Table 1. Population Distribution (x 1000)

Regions Area (in square km) Population
1996 1997 1998 1999 2000
Whole country 513,115 60,003 60,602 61,201 61,806 62,405
Bangkok 1,565 7,061 7,204 7,348 7,496 7,637
Provinces around Bangkok 7,758 3,368 3,457 3,544 3,634 3,720
Central region 16,593 2,884 2,891 2,906 2,912 2,920
Eastern region 36,502 3,805 3,851 3,890 3,942 3,987
Western region 43,047 3,370 3,375 3,422 3,450 3,480
Northern region 169,644 11,148 11,172 11,200 11,215 11,253
Northeastern region 168,854 20,406 20,571 20,734 20,906 21,067
Southern region 70,715 7,961 8,061 8,157 8,251 8,341

Source: National Statistical Office

Table 2. Distribution of Population in Urban and Rural areas (x 1,000)

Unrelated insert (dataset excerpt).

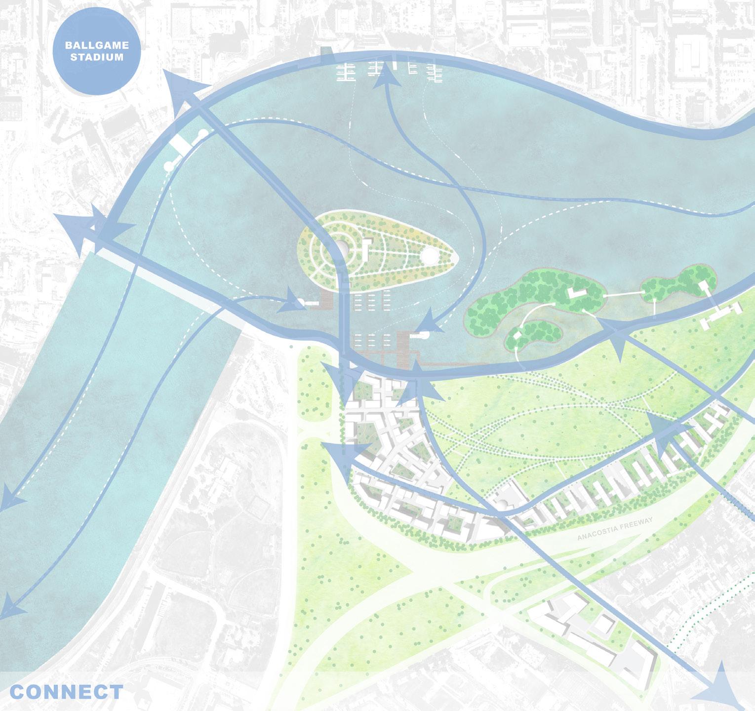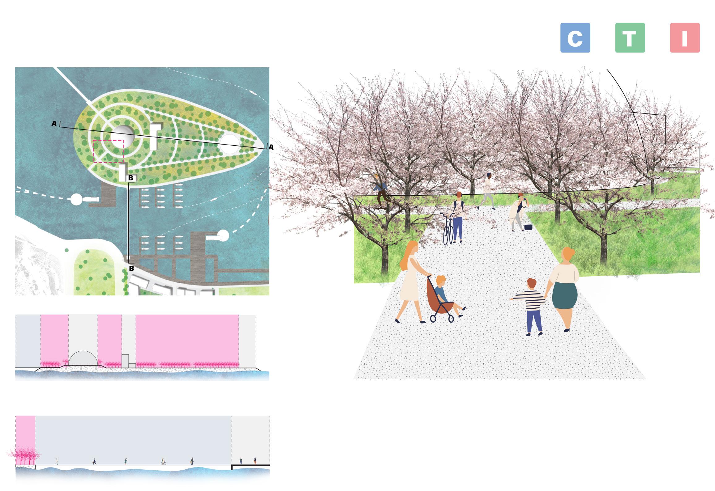 Cherry blossom will attact tourists and ball game watchers. Visitor center serves as a place for information and food. Beer & BBQ plaza will serve as a gathering place for game watchers. Water taxi port will serve as a recreational activitis for outsides.
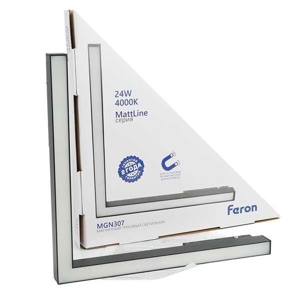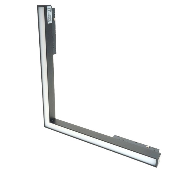Черный угловой светодиодный трековый светильник 48В Ферон мощностью 24Вт для магнитной трековой системы, нейтральный белый свет с углом рассеивания 110 градусов 48728

Distribution per year 1994 1995 1996 1997 1998

Urban population 10,721 10,864 11,007 11,152 11,299
Rural population 48,374 48,596 48,996 49,450 49,902

Source: National Statistical Office

Table 3. Gross National Product and Growth Rates at 1988 Prices
(in millions of Baht)

Sectors and products 1993 1994 1995 1996
Millions of Baht Growth rate Millions of Baht Growth rate Millions of Baht Growth rate Millions of Baht Growth rate
Agriculture 292,279 -1.9 304,876 4.3 314,396 3.1 324,115 3.1
Non-agriculture 2,178,478 9.8 2,384,659 9.5 2,608,588 9.4 2,793,592 7.1
Mining 40,606 7.0 43,408 6.9 43,929 1.2 48,102 9.5
Manufacturing 747,467 11.1 837,951 12.1 941,856 12.4 1,017,582 8.0
Construction 151,879 9.5 163,294 7.5 178,945 9.6 195,312 9.1
Electricity and water 62,164 8.8 67,634 8.8 74,871 10.7 80,262 7.2
Transportation 190,300 9.3 210,852 10.8 231,938 10.0 250,122 7.8
Wholesale and retail 406,821 8.5 438,553 7.8 472,760 7.8 505,381 6.9
Banking insurance and real estate 182,716 22.7 208,296 14.0 230,167 10.5 244,679 6.3
Ownership of dwellings 69,479 5.3 73,717 6.1 77,108 4.6 80,347 4.2
Public administration and defense 68,122 2.9 69,314 1.8 71,006 2.4 72,071 1.5
Services 258,924 4.5 271,611 4.9 286,007 5.3 299,735 4.8
Gross Domestic Product (GDP) 2,470,757 8.3 2,689,536 8.9 2,922,984 8.7 3,117,707 6.7
Gross National Product (GNP) 2,418,782 8.1 2,627,136 8.6 2,845,984 8.3 3,026,807 6.4
Per Capita GNP (Baht) 41,696 6.7 44,709 7.2 48,136 7.7 50,565 5.1

Source: National Account Division, NESDB and Bank of Thailand

Evolution of Local Government, its Legal and Political Background

Before 1939, Thailand was known as Siam. In ancient times, Siam comprised several principalities. The most powerful among them, Sukhothai was able to dominate other principalities during the eleventh to thirteenth centuries and became known as the capital city of the ancient Thai state. During this period the government system was autocracy. The ruler was considered as a patriarch and ruled as an offspring and kinsmen. During the fourteenth and seventeenth centuries, political power shifted to Ayuthaya. The traditional government system and social structure in Siam during this period was known as the Sakdina system, one that is similar to that of a feudal society. All land was owned by the ruler who granted land to members of the royal family and the nobility according to their ranks in the traditional bureaucratic hierarchy. Bureaucrats ran the affairs of the state. Peasants aged between 18 and 60 were subjected to register as corvee labour for the crown or individual noblemen. The former was known as Prai, the latter as Nai. A poor peasant who sold himself to a rich Nai became a slave. These relations constituted the Sakdina society that survived well into the nineteenth century. Sakdina Siam began to change under the pressure of western colonialism, when the British signed the Bowring Treaty with King Mongkut in 1842.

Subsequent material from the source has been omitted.